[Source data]

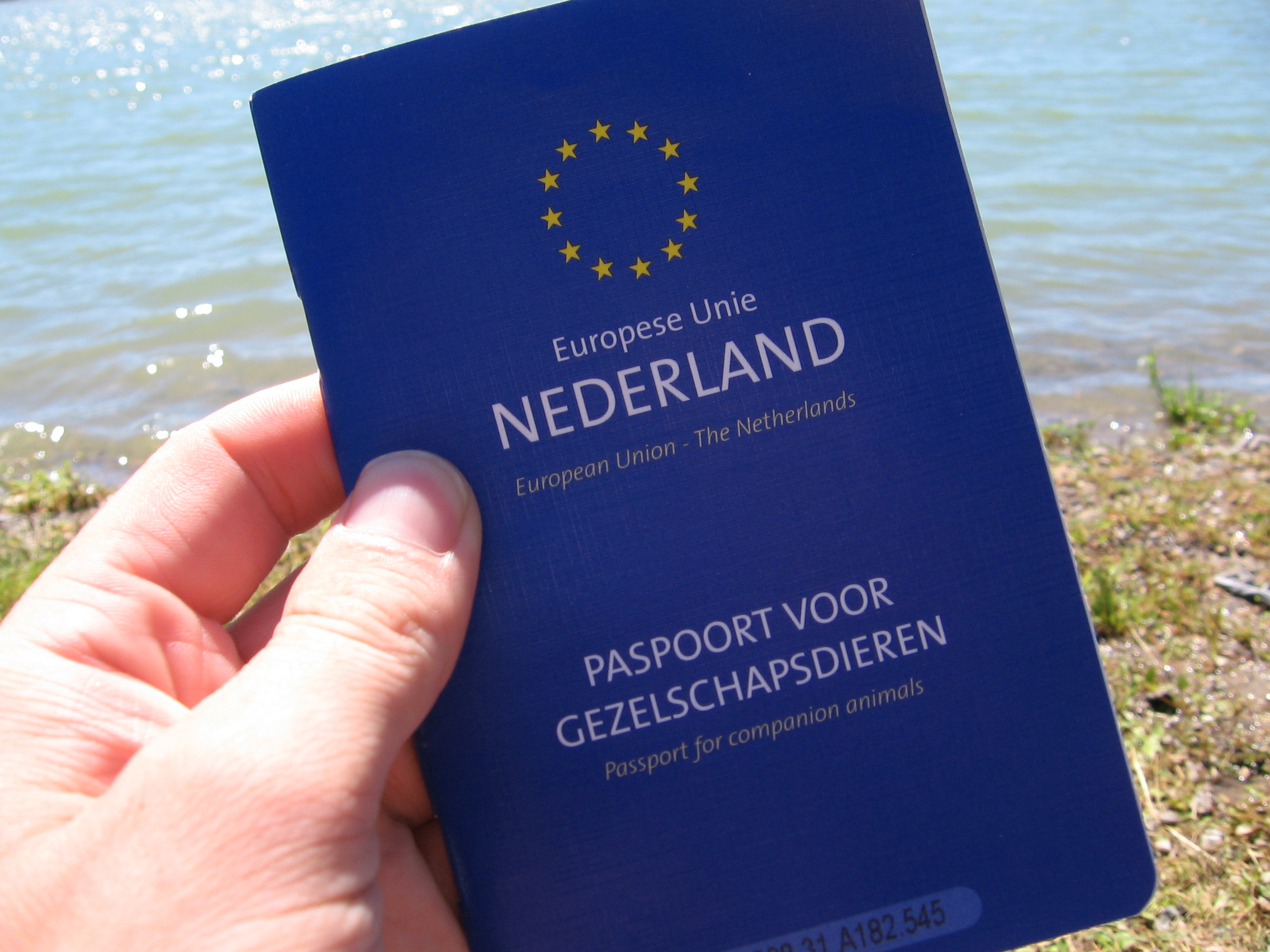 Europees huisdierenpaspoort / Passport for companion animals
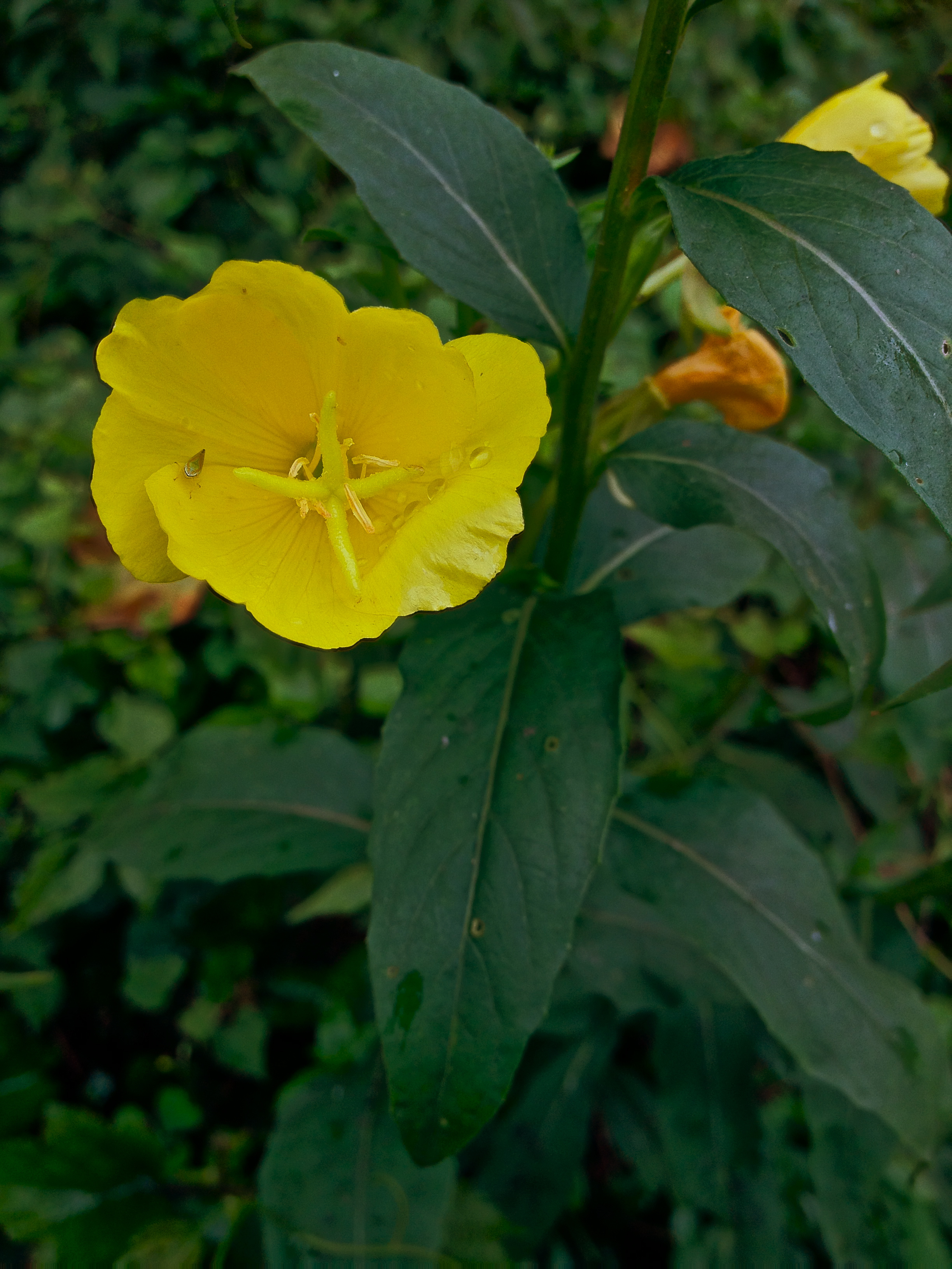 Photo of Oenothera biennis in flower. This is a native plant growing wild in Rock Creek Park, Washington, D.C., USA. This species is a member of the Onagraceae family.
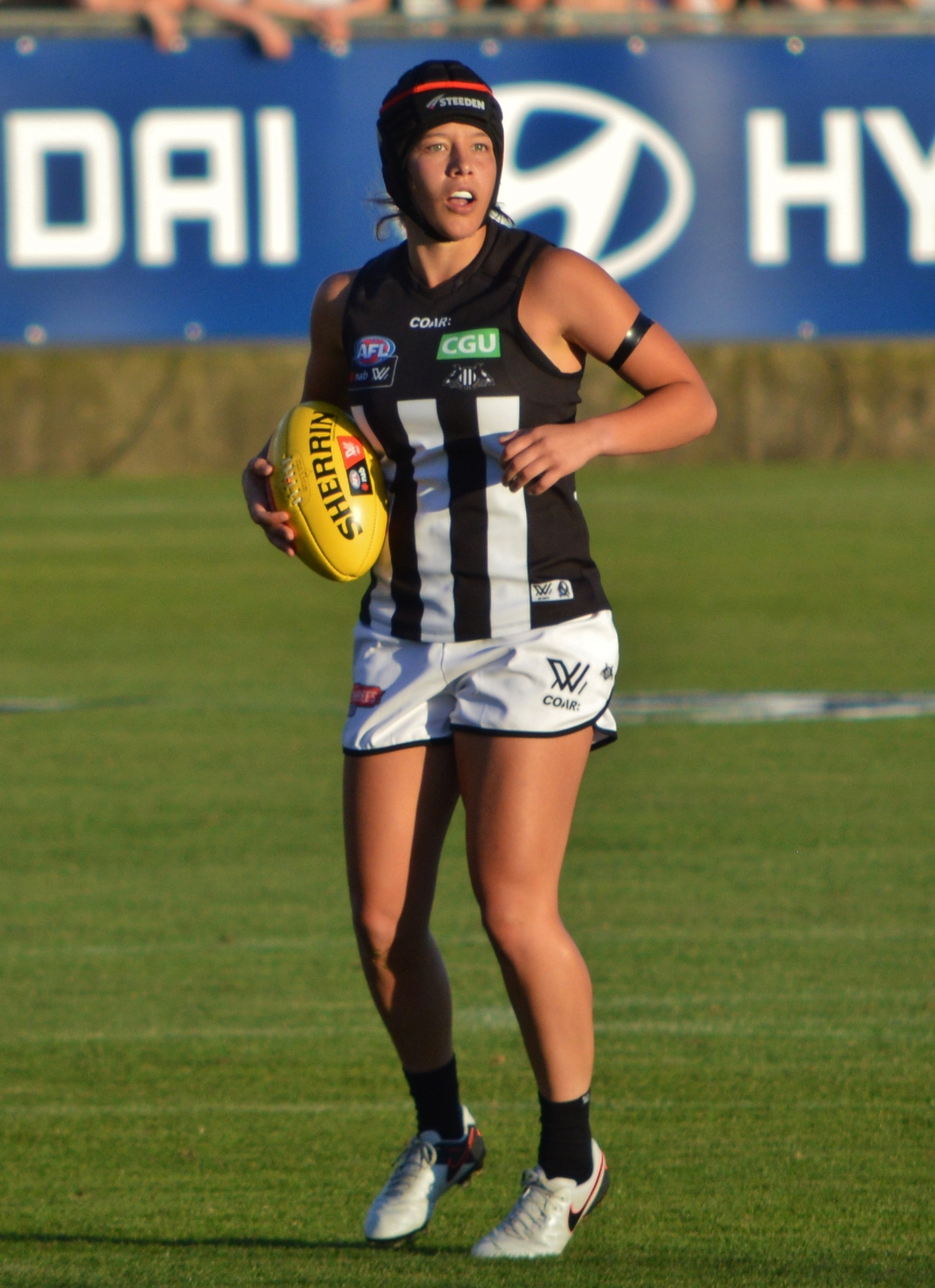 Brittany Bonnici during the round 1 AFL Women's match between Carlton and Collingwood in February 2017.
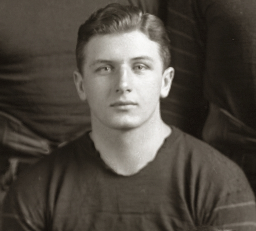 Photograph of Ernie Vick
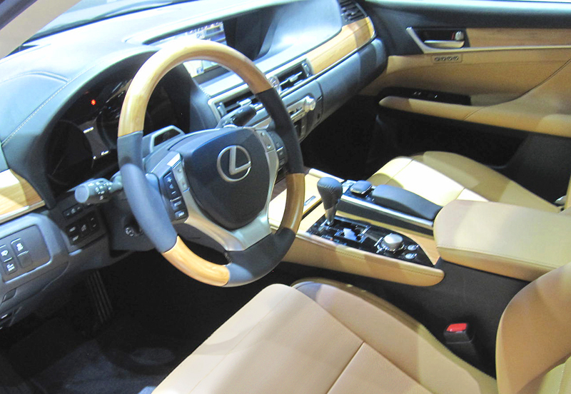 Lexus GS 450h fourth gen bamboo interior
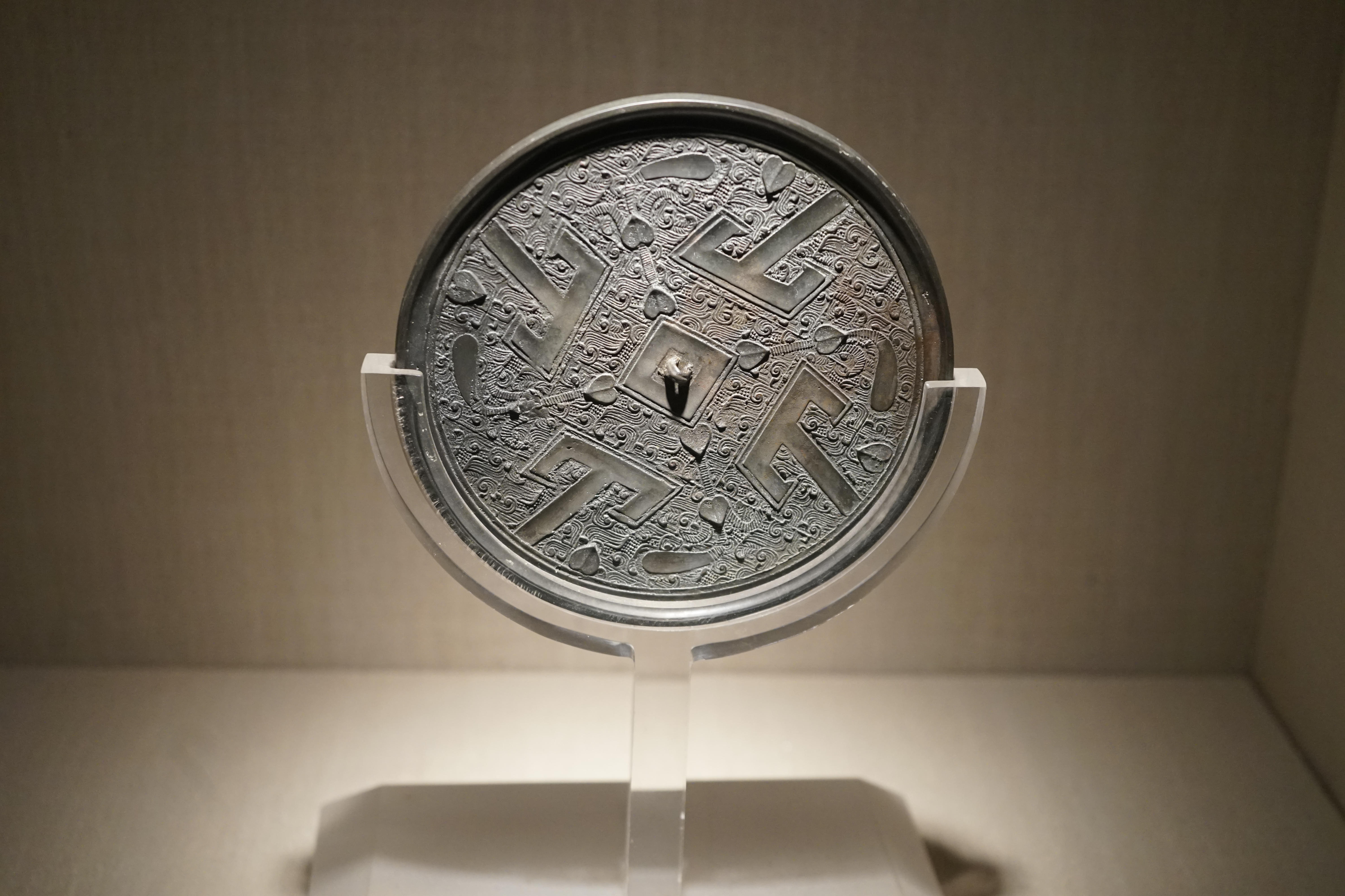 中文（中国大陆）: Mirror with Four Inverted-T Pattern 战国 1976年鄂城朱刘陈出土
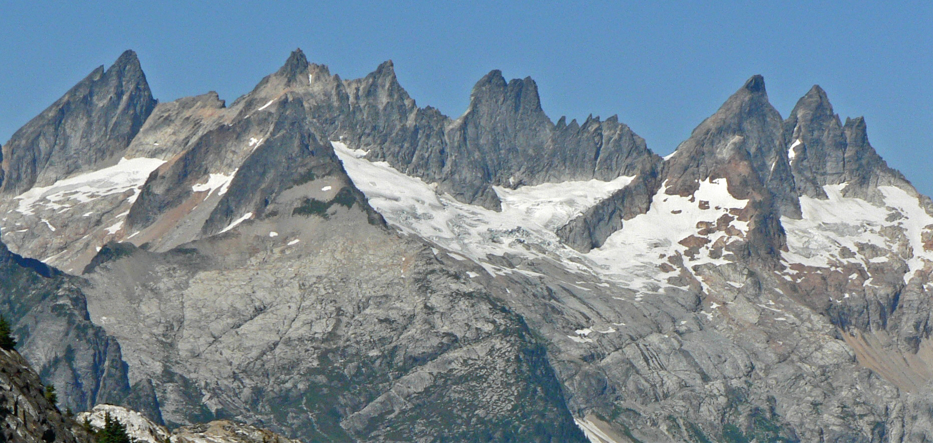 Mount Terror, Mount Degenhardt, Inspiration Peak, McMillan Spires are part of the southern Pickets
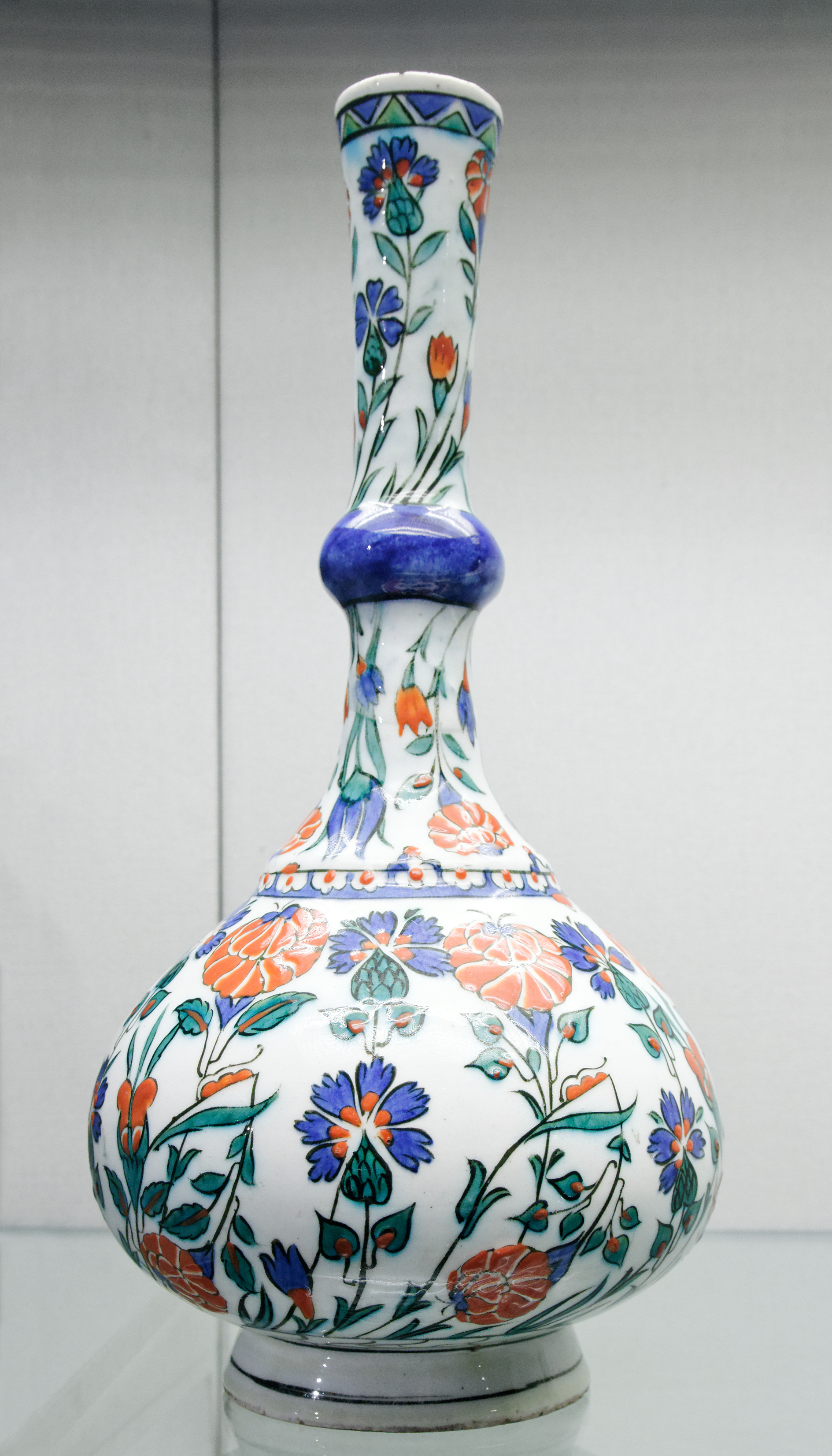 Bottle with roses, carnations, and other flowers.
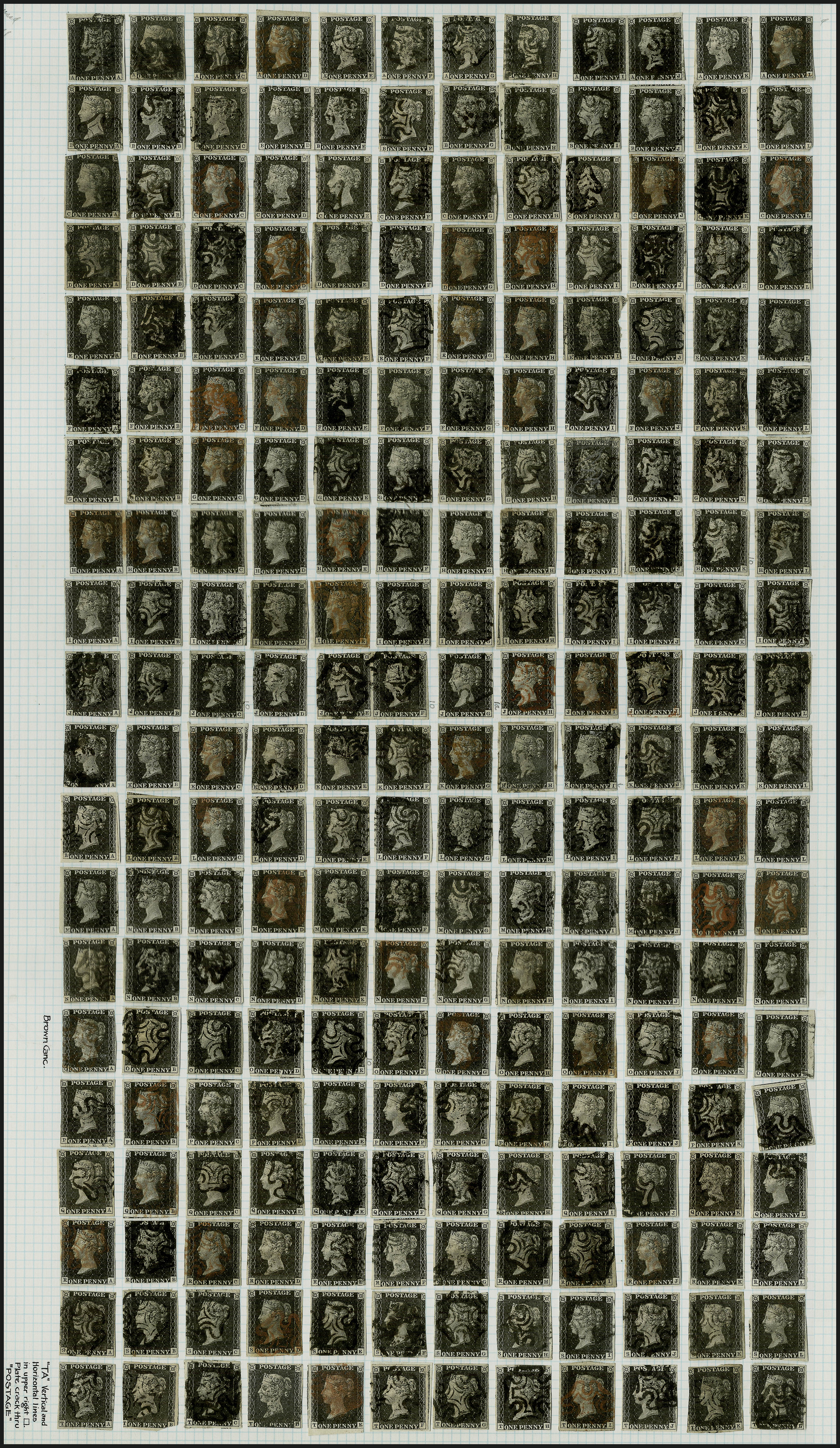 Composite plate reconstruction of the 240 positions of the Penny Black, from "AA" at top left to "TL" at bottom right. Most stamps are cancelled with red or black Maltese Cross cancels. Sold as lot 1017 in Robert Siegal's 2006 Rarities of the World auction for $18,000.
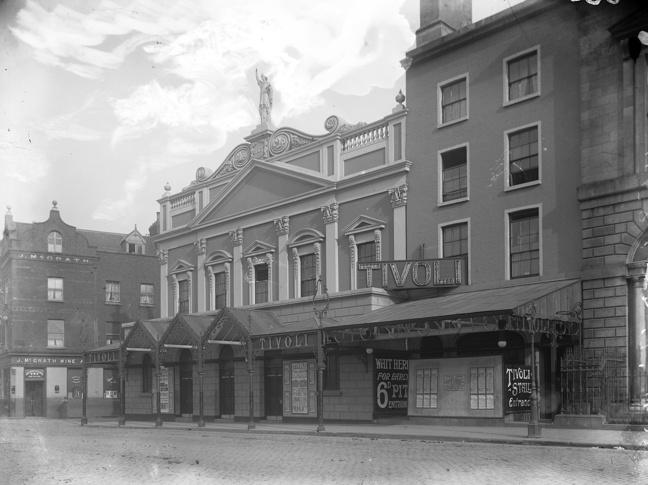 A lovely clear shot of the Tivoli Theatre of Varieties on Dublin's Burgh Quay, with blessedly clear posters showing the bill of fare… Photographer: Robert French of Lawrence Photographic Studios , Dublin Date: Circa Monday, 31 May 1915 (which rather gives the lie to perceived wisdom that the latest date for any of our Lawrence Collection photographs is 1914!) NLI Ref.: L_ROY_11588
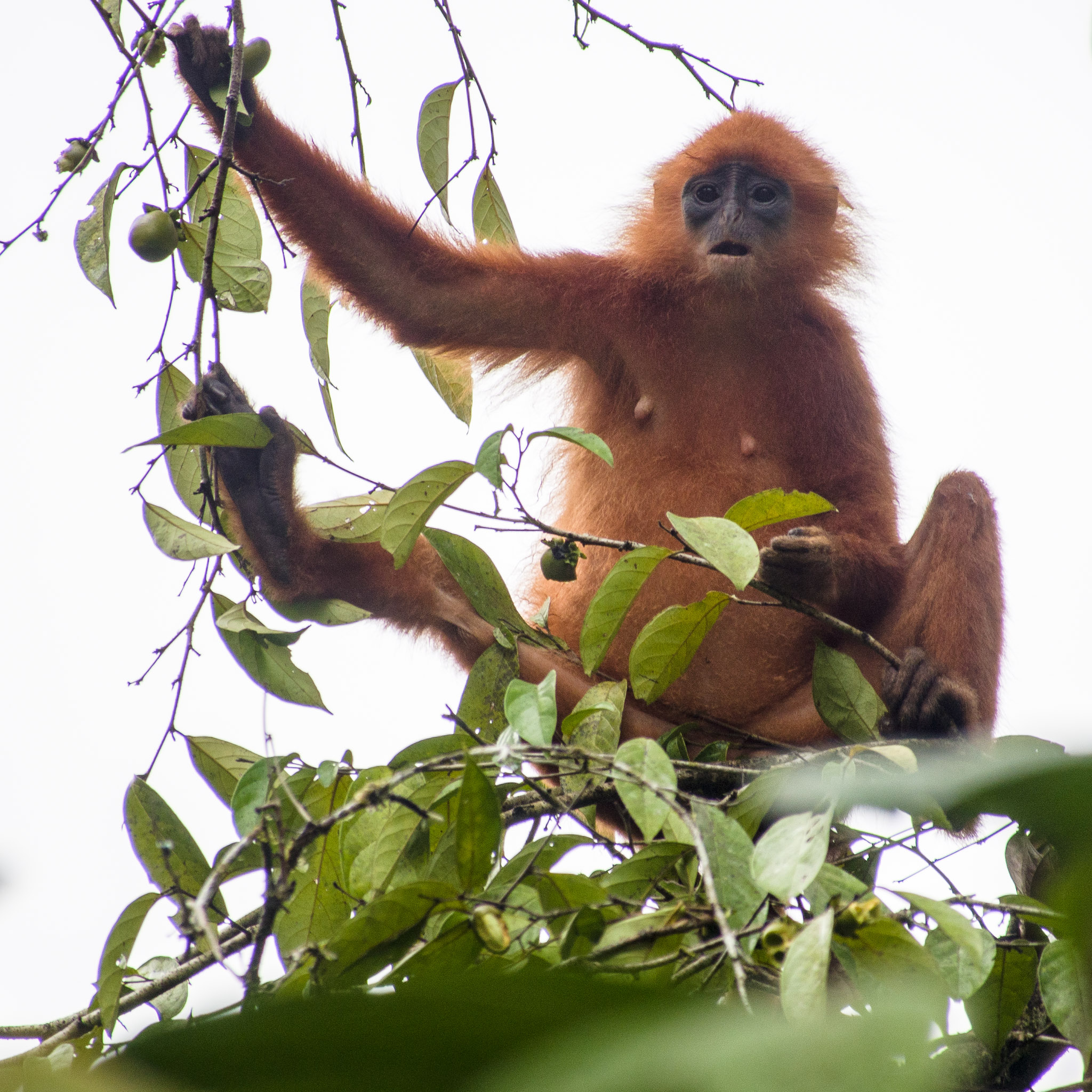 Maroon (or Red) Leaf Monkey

→ **REQUIREMENT**
Restate the records above in full, word for word. Keep pictures out.

→ **WORKED SOLUTION**
 Europees huisdierenpaspoort / Passport for companion animals
 Photo of Oenothera biennis in flower. This is a native plant growing wild in Rock Creek Park, Washington, D.C., USA. This species is a member of the Onagraceae family.
 Brittany Bonnici during the round 1 AFL Women's match between Carlton and Collingwood in February 2017.
 Photograph of Ernie Vick
 Lexus GS 450h fourth gen bamboo interior
 中文（中国大陆）: Mirror with Four Inverted-T Pattern 战国 1976年鄂城朱刘陈出土
 Mount Terror, Mount Degenhardt, Inspiration Peak, McMillan Spires are part of the southern Pickets
 Bottle with roses, carnations, and other flowers.
 Composite plate reconstruction of the 240 positions of the Penny Black, from "AA" at top left to "TL" at bottom right. Most stamps are cancelled with red or black Maltese Cross cancels. Sold as lot 1017 in Robert Siegal's 2006 Rarities of the World auction for $18,000.
 A lovely clear shot of the Tivoli Theatre of Varieties on Dublin's Burgh Quay, with blessedly clear posters showing the bill of fare… Photographer: Robert French of Lawrence Photographic Studios , Dublin Date: Circa Monday, 31 May 1915 (which rather gives the lie to perceived wisdom that the latest date for any of our Lawrence Collection photographs is 1914!) NLI Ref.: L_ROY_11588
 Maroon (or Red) Leaf Monkey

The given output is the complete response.